Since 2000, I've been pondering this issue a lot, trying to find a reasonable
solution for backup. I've finally found it:
BackupNetClone uses standard hard drives (currently the best cost/data ratio
available for computer storage) on a standard Linux system to create full
offsite backups of data. The data is transferred securely over the Internet
and is basically maintenance-free. At any time, the backup drive(s) can
be placed in any other Linux computer to gain full access to the data.
Additionally, the backup is stored in such a way as to provide something
better than incremental backups. Every backup performed is a full
backup, but the space consumed is only the difference between one backup and
the previous. The snapshots can be shared on a network to easily
retrieve any file from any previous backup.

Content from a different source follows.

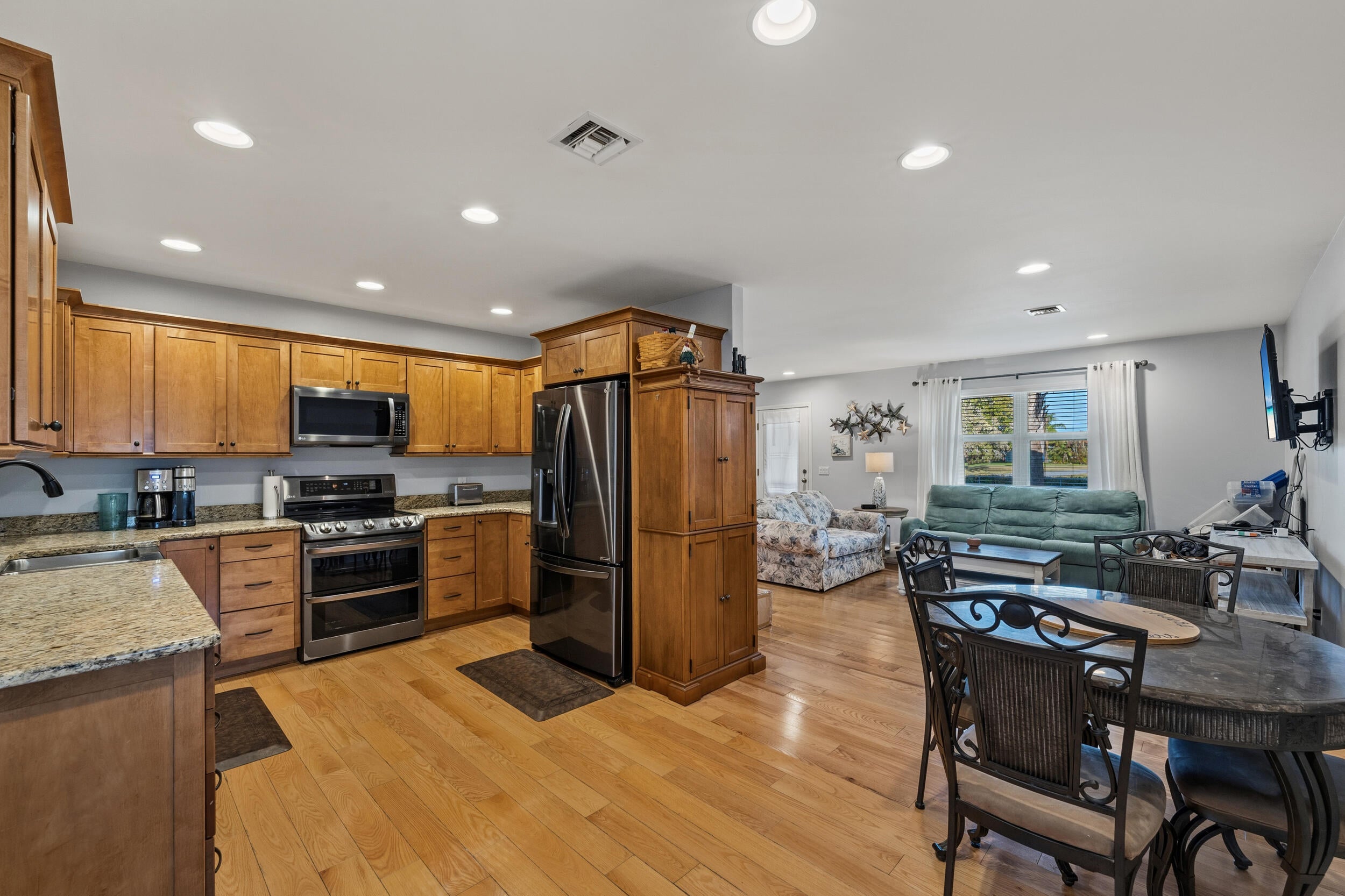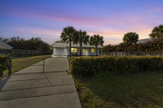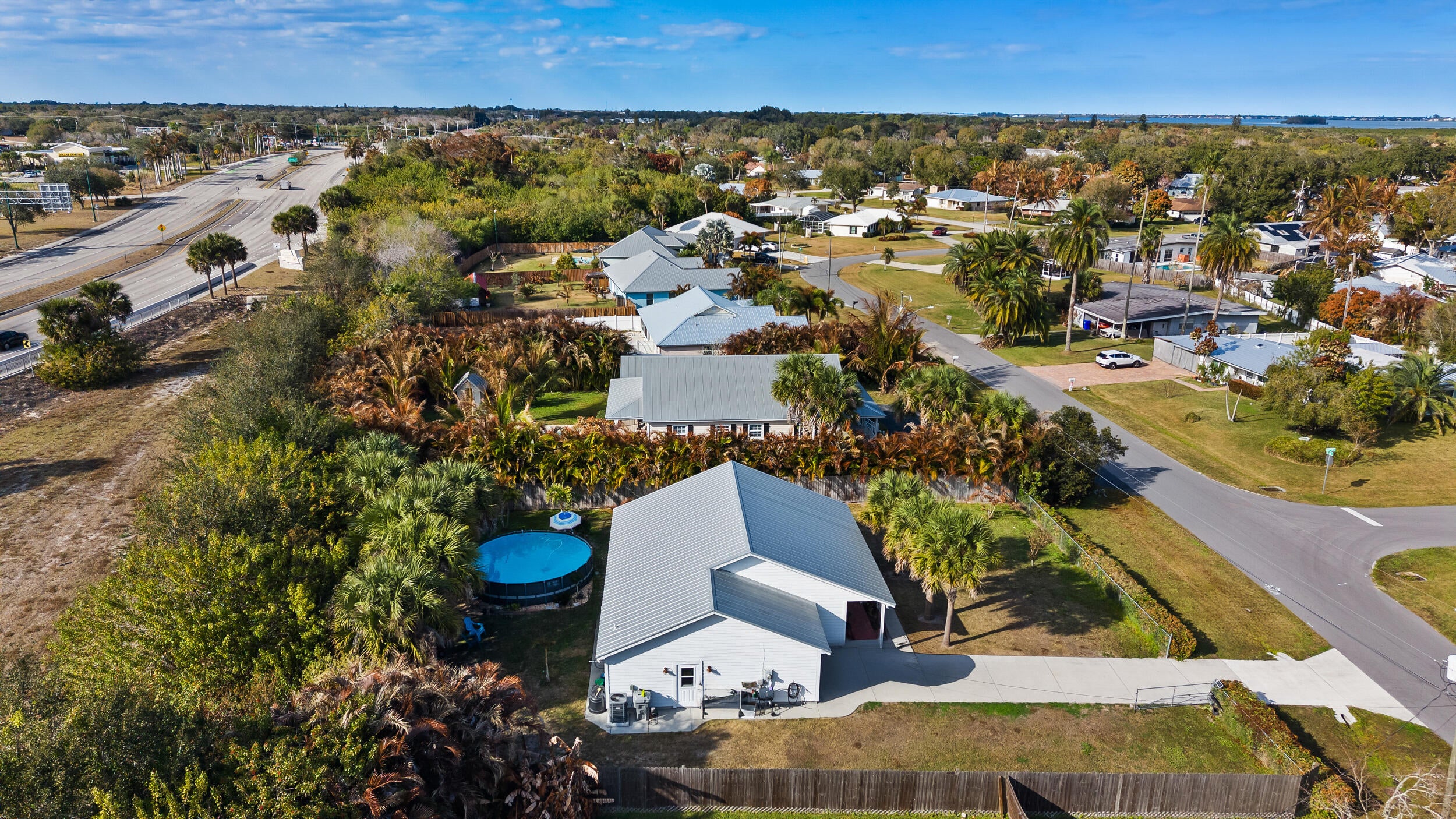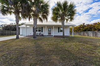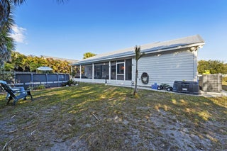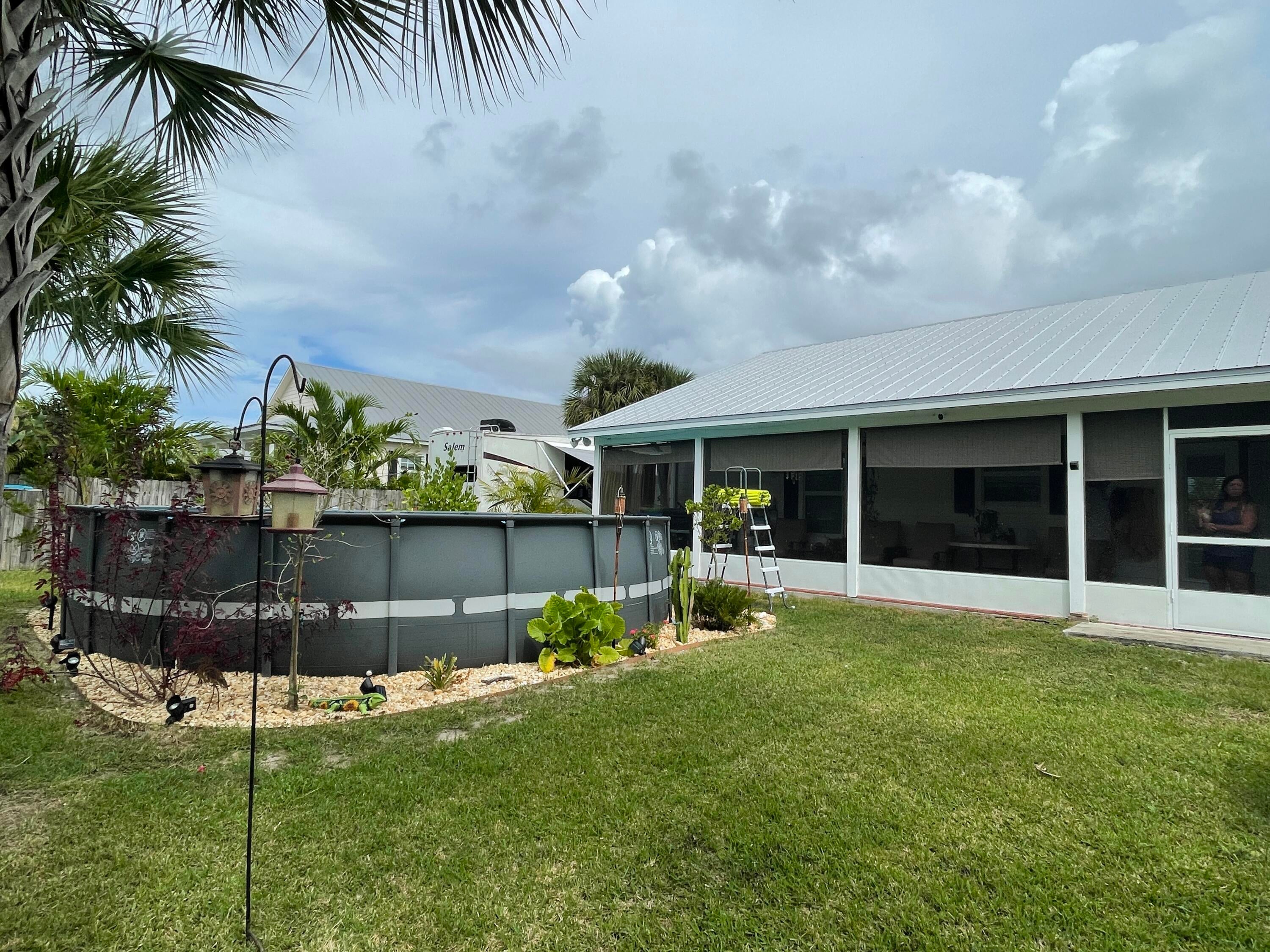 Built in 2017, this move-in ready home features a metal roof and impact glass windows with no HOA restrictions! The open floor plan offers hardwood flooring throughout, high ceilings with recessed lighting, walk-in closets, and wide doorways with pocket doors. The chef's kitchen features granite countertops, stainless steel appliances, and eat-in dining. The bathroom includes an oversized shower and granite vanity. On a fully fenced 13,000 sq ft lot with screened back porch overlooking private yard and pool, covered front porch, extra-deep one-car garage, and attic with plywood flooring and standing head height. Although modest in size, this home feels spacious and bright. Connected to Indian River water and sewer with additional hookup for RV waste

BackupNetClone becomes especially exciting when combining it with current
NAS devices that already have Linux on them. I personally use it on the
D-Link DNS-323,
but other possibilities include D-Link DSM-G600,
Linksys
NSLU2,
TRENDnet
TS-I300,
LaCie
Ethernet
Disk mini, and more. (See
http://nas-central.org/ALL_COMMUNITIES/Collection_of_NAS-Hacking_communities.html
for more ideas.) With the two SATA slots in the DNS-323, I have the
ability to do offsite backup and even make a duplicate backup from one
slot to the other.
Technical Overview
BackupNetClone's operations run through various shell scripts
in the following order:
- start_here.sh
- system_config.sh
- create_lock.sh
- init_email.sh
- do_rsync.sh (for each server to back up)
- complete_email.sh
BackupNetClone roughly performs the following steps:
- check for lock file to make sure rsync/SSH is only running one instance
at a time
- create a lock file for the current instance
- rotate logs if necessary
- test a simple SSH connection to make sure rsync server (on "backup
client") is available
- open an SSH tunnel
- if no previous backups:
- rsync the full amount of data
- if previous backup available that we can use to transfer only
incremental data:
- create hard links from current backup to the previous backup, thus
making an effective duplicate of the previous backup/snapshot
- use rsync to find out what has changed since the previous backup
- remove the hard links for the files that have changed (otherwise the
hardlinks would cause rsync to update the files from previous
backups/snapshots as a side-effect of updating the current
backup)
- fully copy changed files from previous backup to current backup
- rsync only the changed files
- I realize I could've used rsync with --delete and --link-dest
options in order for rsync to automatically manage my
hard-linking. The problem with this (as pointed out in
one of the websites
shown on the main page) is that it
gets to be inefficient with large files that have small changes
often. So instead of having rsync transfer those changed files
in their entirety every time they change even a little (which is
how the --delete and --link-dest options behave currently), I
take advantage of rsync's manner of transferring just the
changed portions. I still get to use hard links for files that
haven't changed, so I get the best of both worlds with using no
space for unchanged files and yet still only transferring
minimal data for file changes. Maybe a future version of rsync
will implement this seamlessly.
- rsync again to delete any old files (if pruning is turned on)
- close the SSH tunnel
- send an email if configured to do so
Benjamin L. Brown, released to the Public Domain.